When you evaluate companies to work with as a partner, one of the things you have to look at is how that company deals with change. The word “disruptive” gets thrown around a lot, but in the end, disruption is not usually a good thing, especially in manufacturing business. If you look at the way Siemens handles large change and new technologies (integrating NX and SDRC, integrating Synchronous Technology), the change happens over time in such a way that you can continue working the way you work.
If you look at the change that Dassault is proposing for its customers with Mechanical Conceptual, it’s a “get off the bus, and get on a different bus” sort of dead-end change. Long term, the Siemens approach is much better for customers. The Dassault approach (in addition to being still entirely imaginary) is simply disruptive. In a bad way.
As a CAD industry commentator, I feel that it’s part of my job to at least have an idea where things are headed. SolidWorks is old news, although there are areas of the customer base that don’t know it yet. SW may still be the fashionable “it” software in some circles, but PTC also went through a long period of denial after losing their crown in the early 2000s. All newly developed CAD (including V6) contain some hybrid of history and direct, and that makes Solid Edge the one with the most mature technology (not to mention the most copied modeling paradigm in 30 years), and SolidWorks in dead last, as far as new technology and the big four mainstream CAD vendors.

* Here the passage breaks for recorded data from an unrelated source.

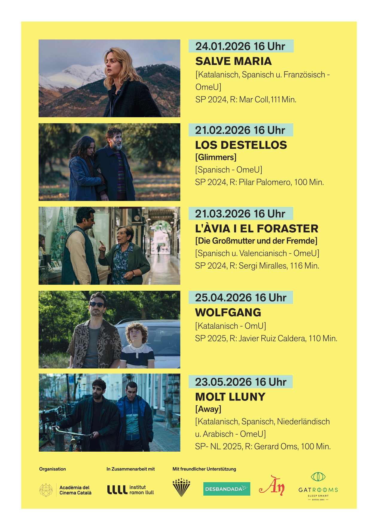 Wir freuen uns darauf, Sie einmal im Monat samstags ab 16 Uhr begrüßen zu dürfen, um gemeinsam die Filme, Gespräche und die katalanische Gastronomie zu genießen.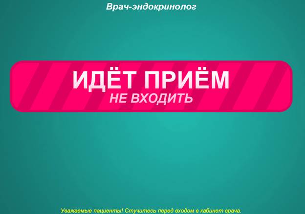 Нажмите кнопку «Сообщение», чтобы вывести информацию для пациентов на экран ПАК ЭО. В отобразившемся окне введите текст сообщения и нажмите кнопку «Сохранить». После этого текст, введенный в окне, отобразится на экране ПАК ЭО в нижней части (рис. 8). Например: «Уважаемые пациенты! Стучитесь перед входом в кабинет врача.».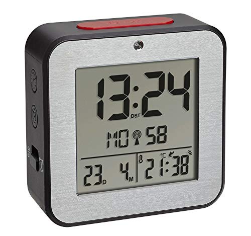 TFA Dostmann Réveil numérique sans Fil 60.2547.54 avec 2 alarmes réveil Radio-pilotée Climatique intérieur façade en Aluminium Noir 82 x 33 x 82 mm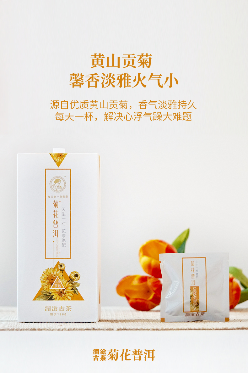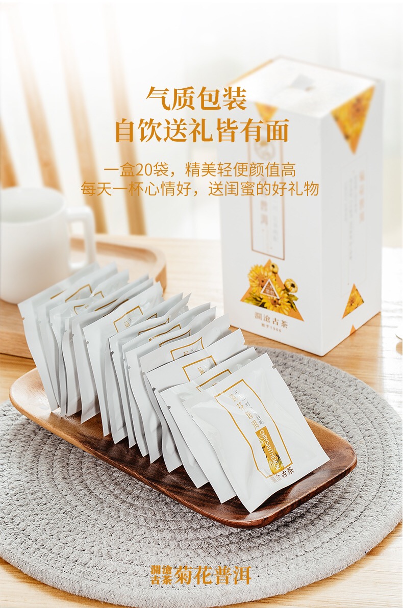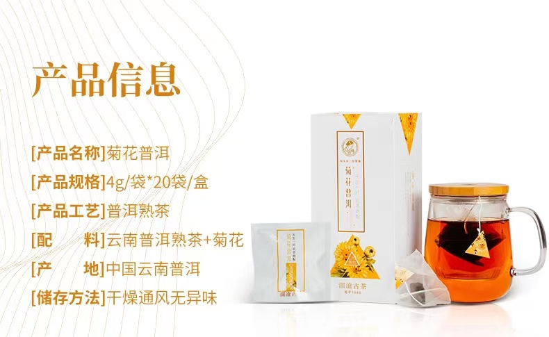 澜沧古茶 菊花普洱袋泡茶4g*20袋/盒,陈年普洱熟茶+上等胎菊

Don’t let the cloud fool you. The cloud has nothing to do with CAD. It’s just an IT delivery method. Developing for the cloud does nothing for your CAD needs.
If you had to pick one, which would you pick? PTC? They are as distracted by non-CAD stuff as Dassault. Autodesk? I see them as the biggest competitor, as they are building out a complete vision with top-of-the-line packages in Alias, 3dsMax, Mudbox, Delcam, HSMWorks, T-Splines, Moldflow, and others. Still, Autodesk is building its mechanical side on Inventor, which in my opinion is a third rate product compared to the other players.
When you look at it as a question of which of these 4 implementations of history/direct hybrid will come out on top, (Creo, Fusion, Synchronous, and Dassault’s imaginary mid-range V6), Synchronous Technology is far ahead of the rest. It is now in its 6th production release, and NX shares a lot of the technology. Siemens eats its own dog food, they are a huge user of their own CAD. To me, that says a lot.
So I picked Siemens. I really like the direction of the development of the Solid Edge product. Having seen ST7, I can say it’s full of great stuff that you will use. This wasn’t a choice that was made lightly. I didn’t get a job, then change my mind. This was a realization that took years, and a lot of research into comparing CAD products and companies.
Siemens has great technology just when the market is waking back up, and starting to realize that it’s time to shop for CAD software again. SolidWorks may seem like an insurmountable giant to slay in 2014, but if anyone has the current CAD product to do it, it’s Solid Edge.